I still think it would be an interesting extension not only for my specific need but also for regular use of RSE for administrate remote systems.

Comment 8 Martin Oberhuber CLA 2008-02-21 15:36:30 EST
Well, again, the crack of this will be that server A needs to authenticate properly against server B, without compromising security -- transmitting or storing passwords in plaintext should be avoided, just like storing certificates or private keys on the remote should be avoided.

Requiring the same subsystemType for source and target is a good start.

In the end, some of the client functionality needs to be put on the server, thus requiring a new (different) kind of transmission component. For SSH, for instance, rather than performing Java ChannelSftp.* API methods, the remote-to-remote transfer needs to issue scp or sftp commands in a remote shell. Not sure what the situation would be like for dstore.

Let's see where we can get from here. Suggestions and contributions are welcome. Getting one sample implementation to work on one kind of subsystem might help us getting an idea of what API changes might be required.
Comment 9 Martin Oberhuber CLA 2008-02-21 15:42:49 EST
Actually, an FTP implementation might be interesting since I'm told that some FTP servers support server-to-server-copy by means of the standard protocol.
Comment 10 Christian Hohmann CLA 2008-02-25 06:43:05 EST
Hi,

I looked about the FTP protocol and the server-to-server copy there (FXP), especially how the authentication is done. I found out, that the server to server copy on ftp is realized as it follows:

* Client connects to target-server.
* Client sends PASV to target-server and gets back IP and Port for a Connection.
* Client connects to source-server.
* Client sends PORT (with received IP and Port of target-Server) to source-server.
* Client specifies with RETR on source-server the desired files to transfer.
* Client sends STOR to target-server to command it to accept the filetransfer.

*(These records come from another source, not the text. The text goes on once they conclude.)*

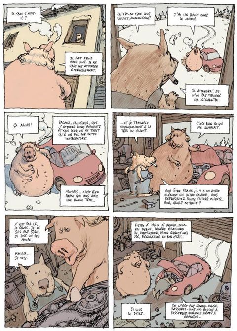 Une histoire savoureuse, truculente et généreuse, menée comme une mécanique de précision Salvatore est un chien. Salvatore est garagiste. Et un bon ! Il est réputé dans toute la région. Un de ceux qui élève la mécanique au rang d'Art ! Pourtant, Salvatore s'est installé là-haut dans la montagne, à l'écart du bruit et des gens. Il ne les aime pas beaucoup, les gens. Ceux qui le bousculent quand il déguste sa fondue, ceux qui l'empêchent de savourer sa cigarette et son journal, après le repas. Alors il les fait attendre sans vergogne. Et parfois même, dérobe une pièce des moteurs qu'on lui confie ! Mais alors, Salvatore ne serait-il qu'une ordure ? Pas si vite. Comme un rouage bien huilé, il a conçu un plan diabolique pour retrouver celle qu'il aime, tout en poils brillants et sourire tendre : Julie. Et personne ne pourra le détourner de ce chemin, personne.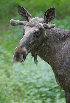antlers upright. The nose is extraordinarily complex in anatomical aspects of muscles (for the flexibility and mobility) and nerves. The muzzle is equipped with tactile hair, which the moose uses for selecting twigs and leaf. Channels in the muzzle allow swallowing below water, which is unique for deer (the exact functionality is not researched yet). On the muzzle moose have a small triangular, naked spot below the nostrils, as you can also see on the picture to the right. For information on the antlers refer to the section "Antlers & Fight" |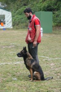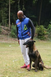 Chien en blanc d’échelon 1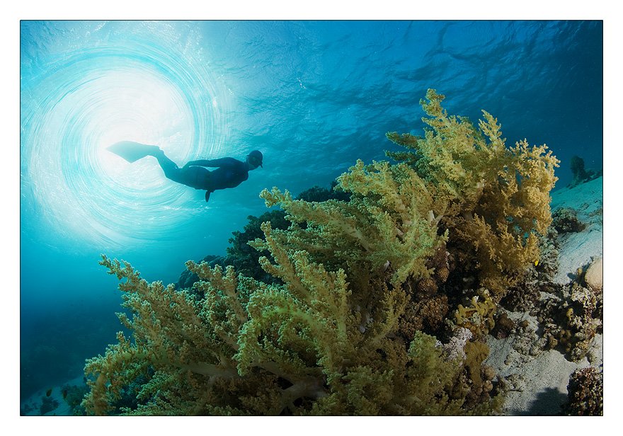 Даже под водой Египетское солнце остается настолько ярким, что ты долго можешь не замечать в контровом свете плывущего к тебе человека...

The benefit is, that the ftp-servers don't need to care about authenticating each other, instead just react direct to the given orders of the already authenticated client. So the client only needs to log in on both servers as usual and send the commands. Obligate is, that both servers allow server-to-server copy, but this is obligate anyway to support this feature.
Comment 11 Martin Oberhuber CLA 2008-02-25 06:52:01 EST
Thanks Christian, this is interesting to learn. While FTP doesn't transfer encrypted data, I'd like to note that the scheme you have outlined would support safe encryption if the client sends a one-time-passphrase for server1 to encode  (with 3des for instance) and server2 to decode. So not even public key authentication would be needed.

This scheme wouldn't work for fixed protocols like SSH, but it would be interesting to consider it for dstore, for instance.

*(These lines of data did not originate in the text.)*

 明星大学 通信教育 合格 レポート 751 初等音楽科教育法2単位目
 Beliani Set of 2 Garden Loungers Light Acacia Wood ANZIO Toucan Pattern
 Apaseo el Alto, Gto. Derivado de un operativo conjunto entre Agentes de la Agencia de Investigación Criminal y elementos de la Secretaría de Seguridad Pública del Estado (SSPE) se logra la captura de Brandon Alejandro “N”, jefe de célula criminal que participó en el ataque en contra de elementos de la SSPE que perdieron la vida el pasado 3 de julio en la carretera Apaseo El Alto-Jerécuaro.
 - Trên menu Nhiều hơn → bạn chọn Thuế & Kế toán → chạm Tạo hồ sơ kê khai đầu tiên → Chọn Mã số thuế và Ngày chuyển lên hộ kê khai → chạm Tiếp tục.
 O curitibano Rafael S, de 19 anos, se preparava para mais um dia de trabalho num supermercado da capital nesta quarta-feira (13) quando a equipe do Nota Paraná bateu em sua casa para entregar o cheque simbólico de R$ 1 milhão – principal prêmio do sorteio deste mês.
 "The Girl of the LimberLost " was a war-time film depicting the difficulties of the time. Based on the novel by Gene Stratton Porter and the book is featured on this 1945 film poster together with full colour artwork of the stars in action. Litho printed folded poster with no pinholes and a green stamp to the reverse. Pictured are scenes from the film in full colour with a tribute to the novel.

As I have mentioned before, my personal recommendation is to go with an FTP implementation first, where the protocol is already specified, such that we see what additional APIs are needed.

For FTP, encryption could be added with a "dstore supertransfer" kind of solution, where a shell connection on the source is used to first pack all the data into an encrypted ZIP, then transfer the data, then use a shell connection on the destination to unpack everything out of the encrypted ZIP.

NB: Requesting such "pluggable and encryptable supertranser" for any RSE connection that has both a files and a shell subsystem would be another interesting enhancement request.
Comment 12 Christian Hohmann CLA 2008-02-25 08:36:58 EST
> So not even public key authentication would be needed.

Yes, you are right. The feature should be realizeable by using the current authentication mechanism.

The additional encryption would be a nice feature for server-to-server communication and also for client-to-server communication. (Especially for FTP, that is unencrypted).